DATA EXCERPT
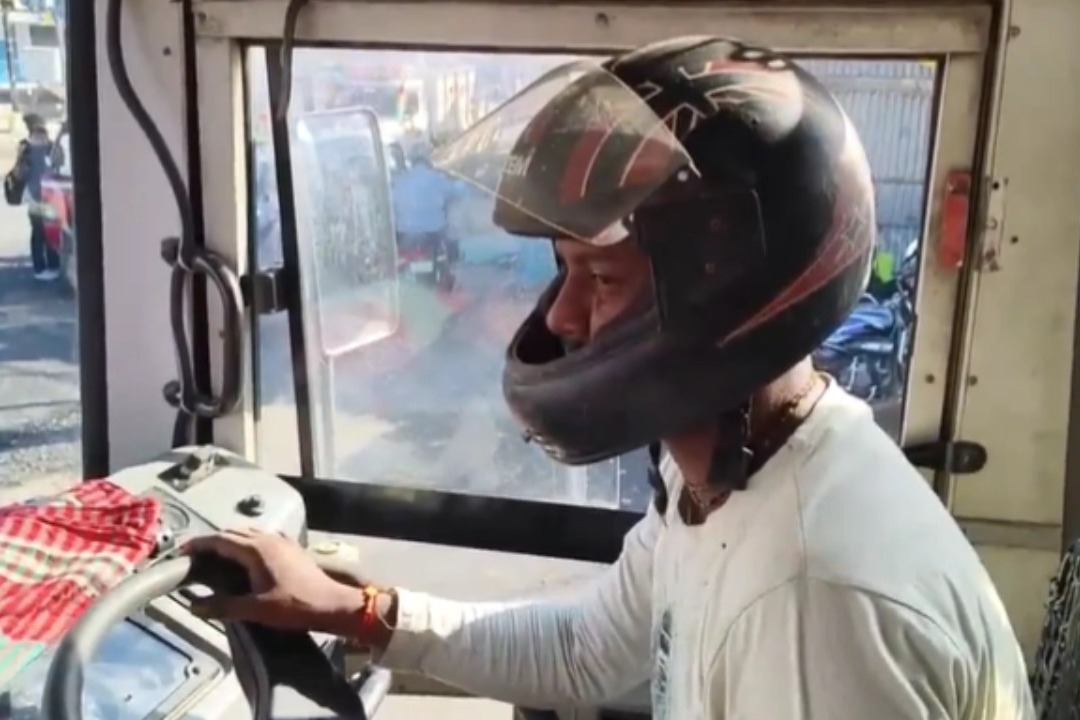 Bengal Bandh: బెంగాల్ లో హెల్మెట్ పెట్టుకుని బస్సు నడుపుతున్న డ్రైవర్లు.. వైరల్ వీడియో
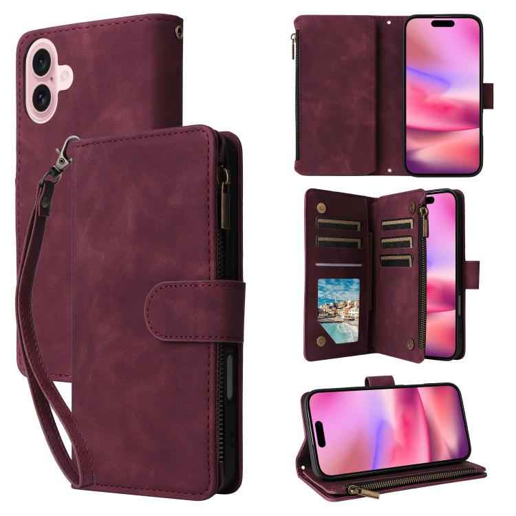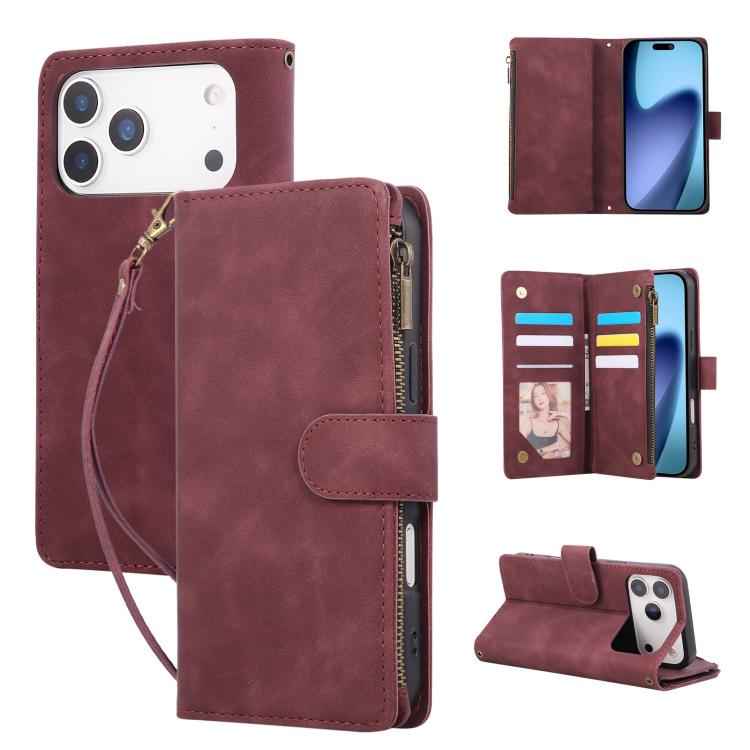 Multifunctional Multi-Card Wallet Phone Leather Case - For iPhone 17 Pro Max / Wine Red ist auf Lager und wird versandt, sobald es wieder verfügbar ist
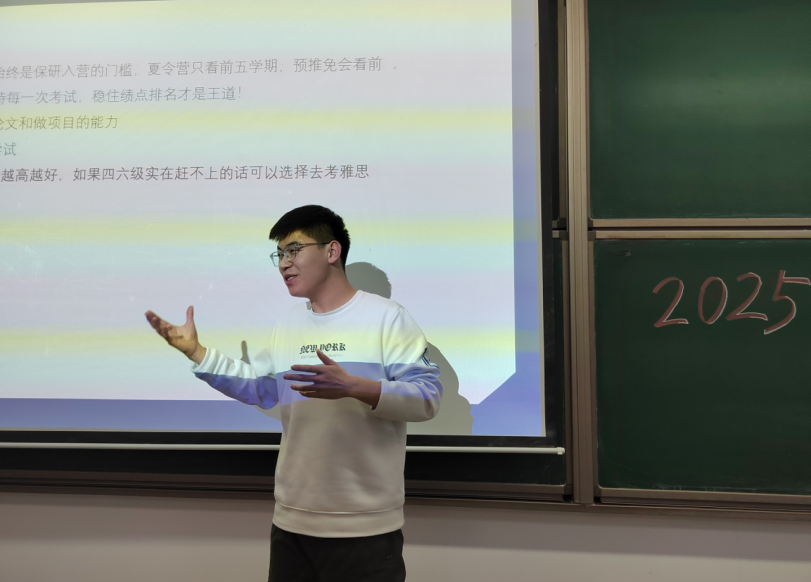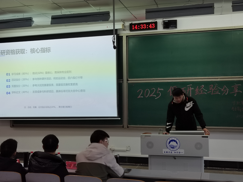 詹超着重讲解了综合成绩的评定标准,以及综合素质测评的成绩评定标准。他建议同学们持续地收集保研的有关信息,同时强调绩点的重要性,并着重分析了学好英语的必要性。

TO DO
Repeat every line above precisely; pictures do not belong in the copy.

OUTPUT OF THE EXERCISE
 Bengal Bandh: బెంగాల్ లో హెల్మెట్ పెట్టుకుని బస్సు నడుపుతున్న డ్రైవర్లు.. వైరల్ వీడియో
 Multifunctional Multi-Card Wallet Phone Leather Case - For iPhone 17 Pro Max / Wine Red ist auf Lager und wird versandt, sobald es wieder verfügbar ist
 詹超着重讲解了综合成绩的评定标准,以及综合素质测评的成绩评定标准。他建议同学们持续地收集保研的有关信息,同时强调绩点的重要性,并着重分析了学好英语的必要性。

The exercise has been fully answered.